TASK PROMPT -
Beginning with the line that holds "This 5-bedroom, 3-bath" and ending with the last line below, repeat each line exactly, leaving any pictures out.

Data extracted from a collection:
-.-.-
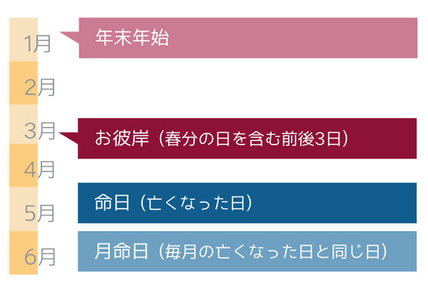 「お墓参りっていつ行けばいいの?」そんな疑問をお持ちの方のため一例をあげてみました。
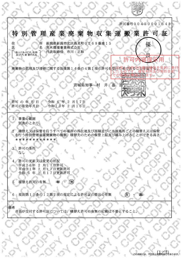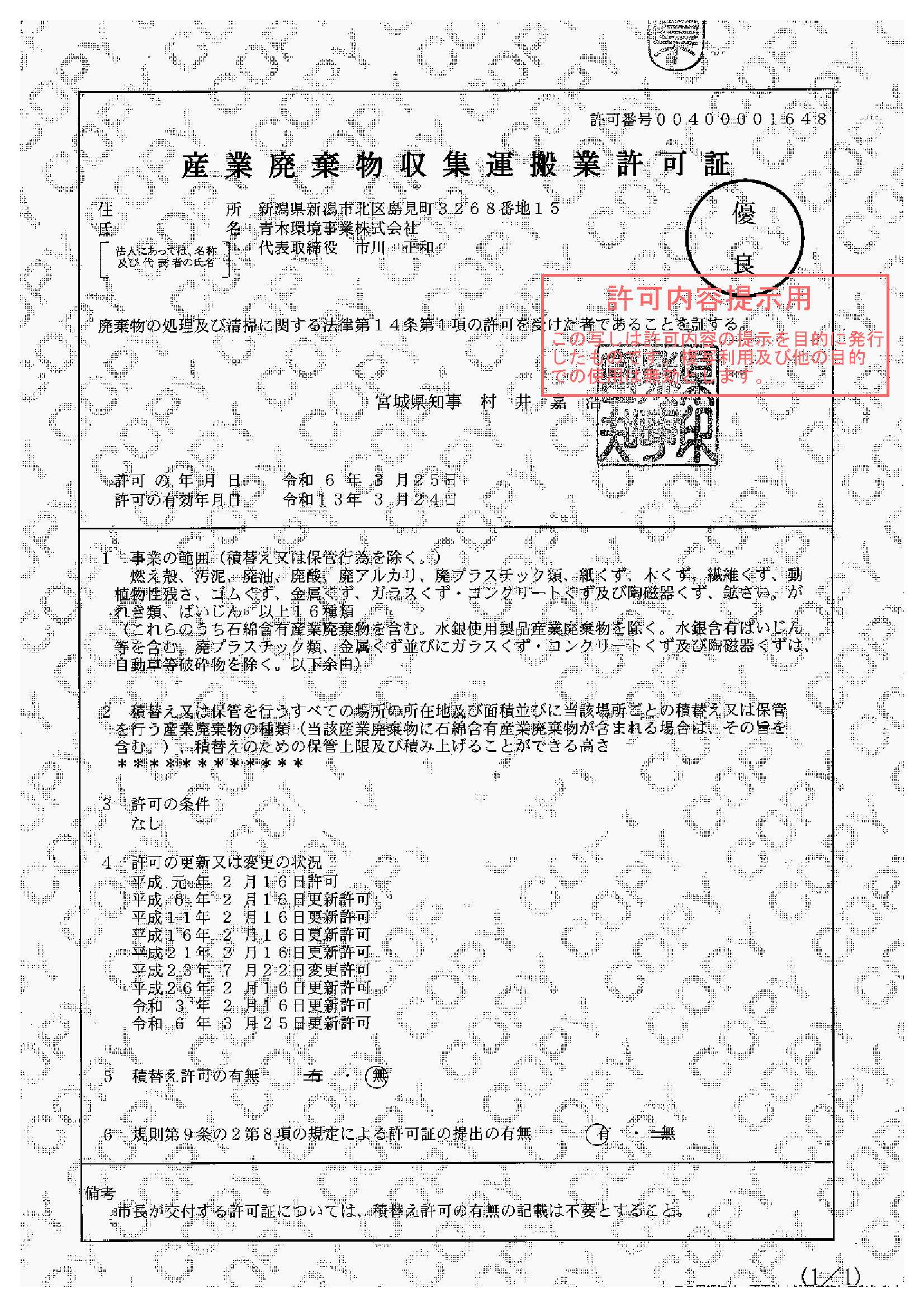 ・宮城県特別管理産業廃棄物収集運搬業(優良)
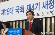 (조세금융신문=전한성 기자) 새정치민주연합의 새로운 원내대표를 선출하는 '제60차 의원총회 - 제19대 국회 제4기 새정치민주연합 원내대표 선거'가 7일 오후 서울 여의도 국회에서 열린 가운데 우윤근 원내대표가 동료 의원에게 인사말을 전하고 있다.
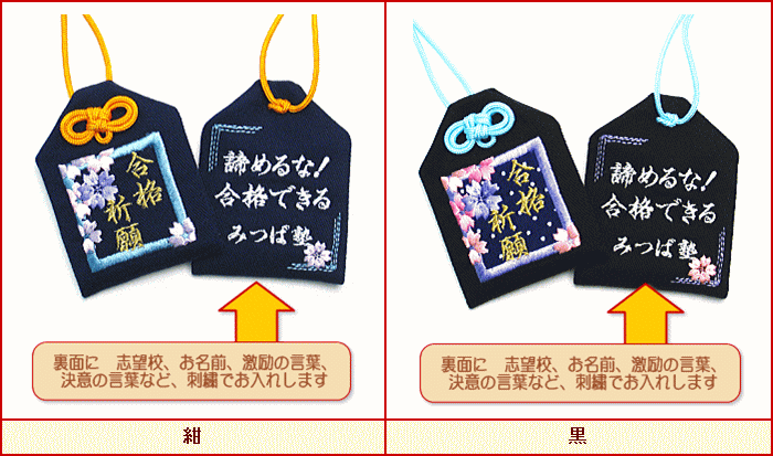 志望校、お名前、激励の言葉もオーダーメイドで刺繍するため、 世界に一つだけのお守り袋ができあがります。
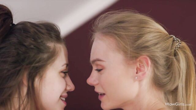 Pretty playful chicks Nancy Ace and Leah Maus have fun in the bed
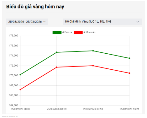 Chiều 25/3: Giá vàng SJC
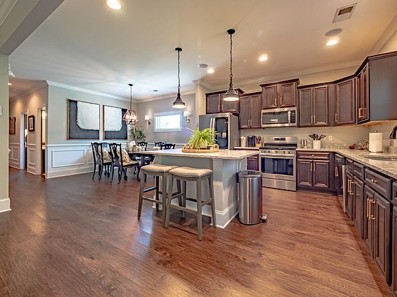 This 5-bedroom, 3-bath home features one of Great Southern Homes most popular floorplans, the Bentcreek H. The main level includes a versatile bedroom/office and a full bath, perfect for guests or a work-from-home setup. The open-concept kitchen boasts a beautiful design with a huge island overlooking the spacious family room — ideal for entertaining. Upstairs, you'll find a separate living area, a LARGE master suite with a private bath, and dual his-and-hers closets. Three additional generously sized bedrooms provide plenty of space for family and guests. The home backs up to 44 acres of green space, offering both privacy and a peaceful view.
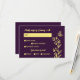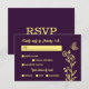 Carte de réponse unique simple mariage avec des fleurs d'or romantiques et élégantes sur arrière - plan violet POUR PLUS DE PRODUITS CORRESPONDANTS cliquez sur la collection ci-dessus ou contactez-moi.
-.-.-
ANSWER -
 This 5-bedroom, 3-bath home features one of Great Southern Homes most popular floorplans, the Bentcreek H. The main level includes a versatile bedroom/office and a full bath, perfect for guests or a work-from-home setup. The open-concept kitchen boasts a beautiful design with a huge island overlooking the spacious family room — ideal for entertaining. Upstairs, you'll find a separate living area, a LARGE master suite with a private bath, and dual his-and-hers closets. Three additional generously sized bedrooms provide plenty of space for family and guests. The home backs up to 44 acres of green space, offering both privacy and a peaceful view.
 Carte de réponse unique simple mariage avec des fleurs d'or romantiques et élégantes sur arrière - plan violet POUR PLUS DE PRODUITS CORRESPONDANTS cliquez sur la collection ci-dessus ou contactez-moi.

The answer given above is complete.